Внизу дверь на кухню со скрежетом отворилась, а затем с грохотом захлопнулась. По лестнице прогрохотали чьи-то ботинки, и в открытую дверь ввалился Питер с грязной полоской на щеке. Увидев ее там, он замер, устремив взгляд на тело цыпленка.
У него не было возможности заговорить, прежде чем появился Джеймс. Он бочком занял свободное место рядом с Питером, без рубашки и растрепанный со сна, его грудь была покрыта множеством розовых сморщенных шрамов.
– Откуда ты только что появился? – спросил Питер.
Темные брови Джеймса поползли вверх.
– Из комнаты для гостей.
– Лжешь.
– О, перестань, Питер, – сказал он с раздражением в голосе. – Я прилетел всего два дня назад. Я чертовски устал после смены часовых поясов. Я бы все еще был без сознания, если бы Уайатт не начала кричать так громко, что разбудила бы мертвого. – Его внимание переключилось на раковину.
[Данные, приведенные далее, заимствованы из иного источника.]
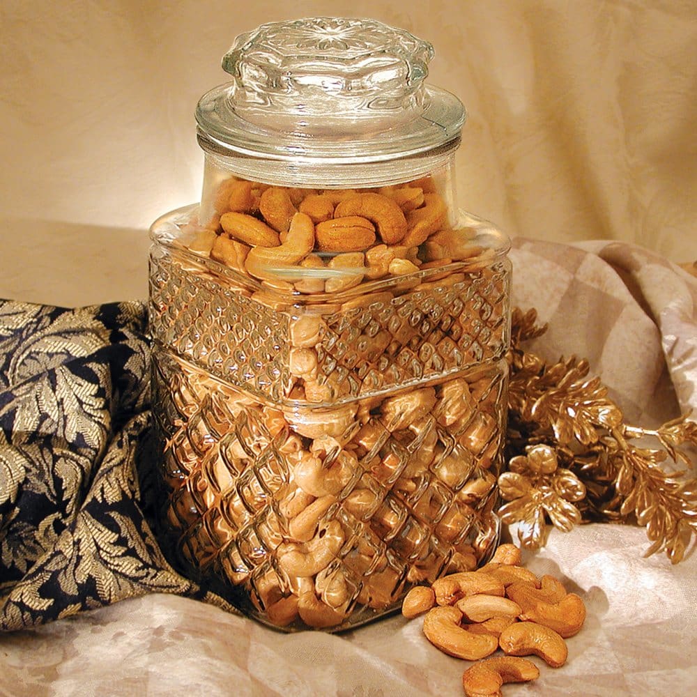 The cut Wexford glass jar with these Gold Kernel cashews creates an immediate impression the moment your gift is opened. Washable and reusable, this jar makes an ideal spot to stow loose change or mementos. The secure-fitting lid ensures the nuts inside stay fresh until ready to be enjoyed. Wrap a ribbon around this Golden Kernel Fancy jumbo cashew jar for a traditional finishing touch.

Он перевел взгляд на буквы, стекающие по стеклу. – Что это?
– Сообщение. – В животе Уайатт поселился ужас, холодный и темный, как левиафан. – В доме, помимо нас, кто-то есть.
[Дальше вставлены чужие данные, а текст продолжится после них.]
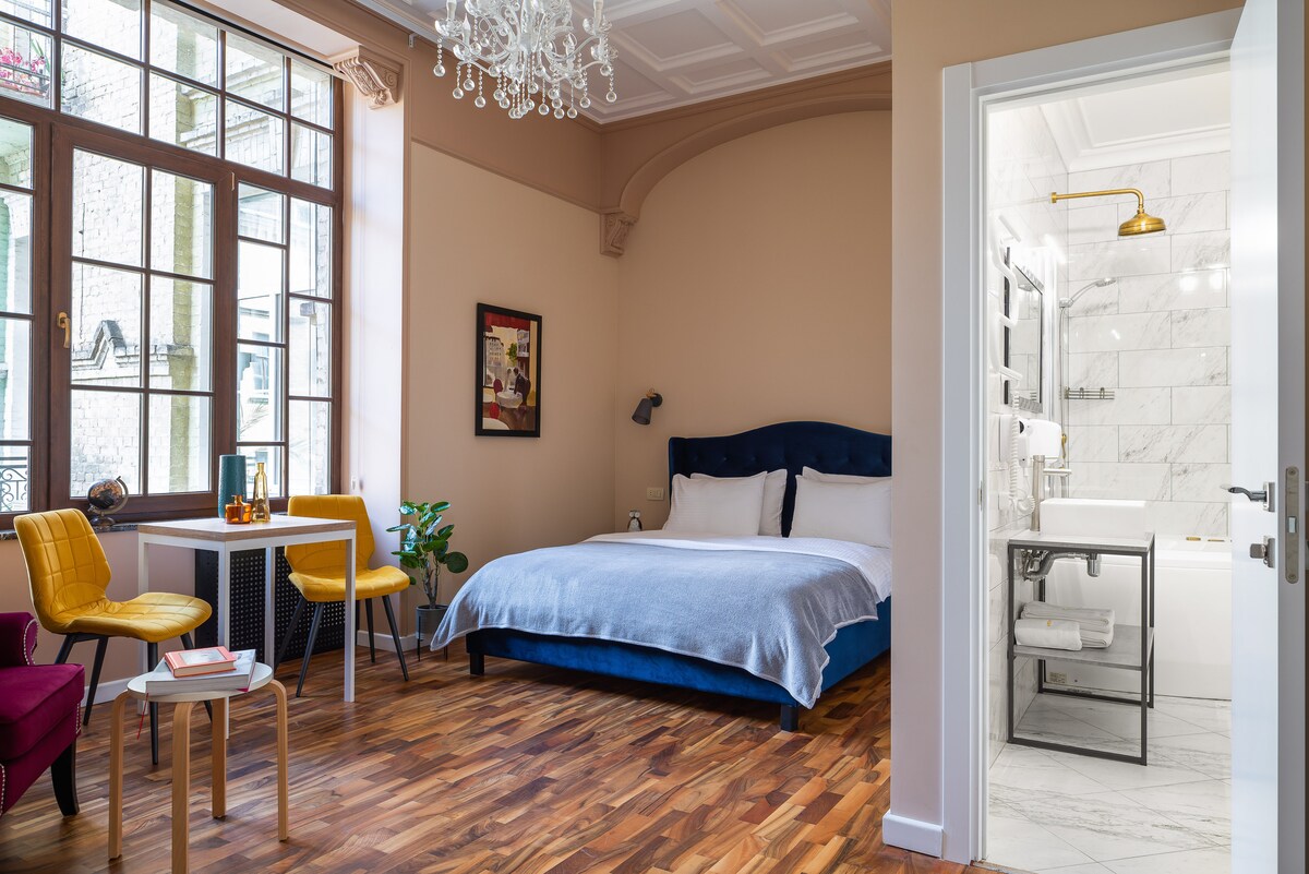 Amazing property located in the heart of center of Kiev inside Boutique Hotel. Renovation completed in 2021. Just a few amenities to list: 4 meter ceilings, Smart TV with YouTube and Netflix, shower cabin, extra large windows, large custom bed and much more. Those looking for luxury in the heart of Kiev center can not go wrong with this property. The property has a 24 hour reception located in the courtyard.

– Ты так думаешь? – Джеймс медленно приблизился к раковине, внимательно разглядывая груду перьев. – Не уверен, думаю, более вероятно, что это сделал кто-то из нас.
Уайатт удивленно моргнула, глядя на него.
– Один из нас?
– Мы здесь единственные люди. – Он бросил многозначительный взгляд на Питера, все еще стоявшего, прислонившись к двери. Тот заметно ощетинился, в его глазах промелькнуло что-то смертоносное.
– Не смотри на меня так.
– Почему бы и нет? Ты был на птичьем дворе, не так ли? Ты с рассвета колотил в эти чертовы ворота.
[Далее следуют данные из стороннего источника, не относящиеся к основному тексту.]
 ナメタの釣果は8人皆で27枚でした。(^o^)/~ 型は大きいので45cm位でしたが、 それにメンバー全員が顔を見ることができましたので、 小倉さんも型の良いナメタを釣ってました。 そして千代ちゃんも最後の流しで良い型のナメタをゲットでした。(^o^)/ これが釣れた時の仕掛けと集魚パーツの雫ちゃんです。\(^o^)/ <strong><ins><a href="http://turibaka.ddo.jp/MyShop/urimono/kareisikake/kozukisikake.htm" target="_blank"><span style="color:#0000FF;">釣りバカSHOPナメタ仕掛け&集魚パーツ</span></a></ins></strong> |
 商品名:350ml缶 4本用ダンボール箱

– Думаешь, я бы обидел невинное животное?
Джеймс сдержанно рассмеялся.
– Это что, серьезный вопрос?
– Оставь его в покое, – рявкнула Уайатт.
Джеймс удивленно повернулся к ней.
– Оставить его в покое?
– Мы ничего не добьемся, ссорясь подобным образом.
– Мы также ничего не добьемся, притворяясь, что все в полном порядке. – Он резко повернул голову к Питеру. – Она думает, что ты такой пацифист. Застенчивый, милый Питер, который и мухи не обидит. Ты когда-нибудь рассказывал ей, из-за чего тебя заперли в подвале? Говорил ей, как сильно разозлился, что гильдия забрала ее у тебя?
– Джейми, прекрати, – сказала Уайатт. – Это не поможет.
Но Джеймс еще не закончил.
– Ты завел их в лес, не так ли? Их было семеро. Мой отец сказал, что они выследили тебя там, где ручей превращается в реку, где река превращается в разлом, а небо черное, как Стикс. Ты убил их сам? Или позволил чему-то холодному и загадочному сделать за тебя всю работу?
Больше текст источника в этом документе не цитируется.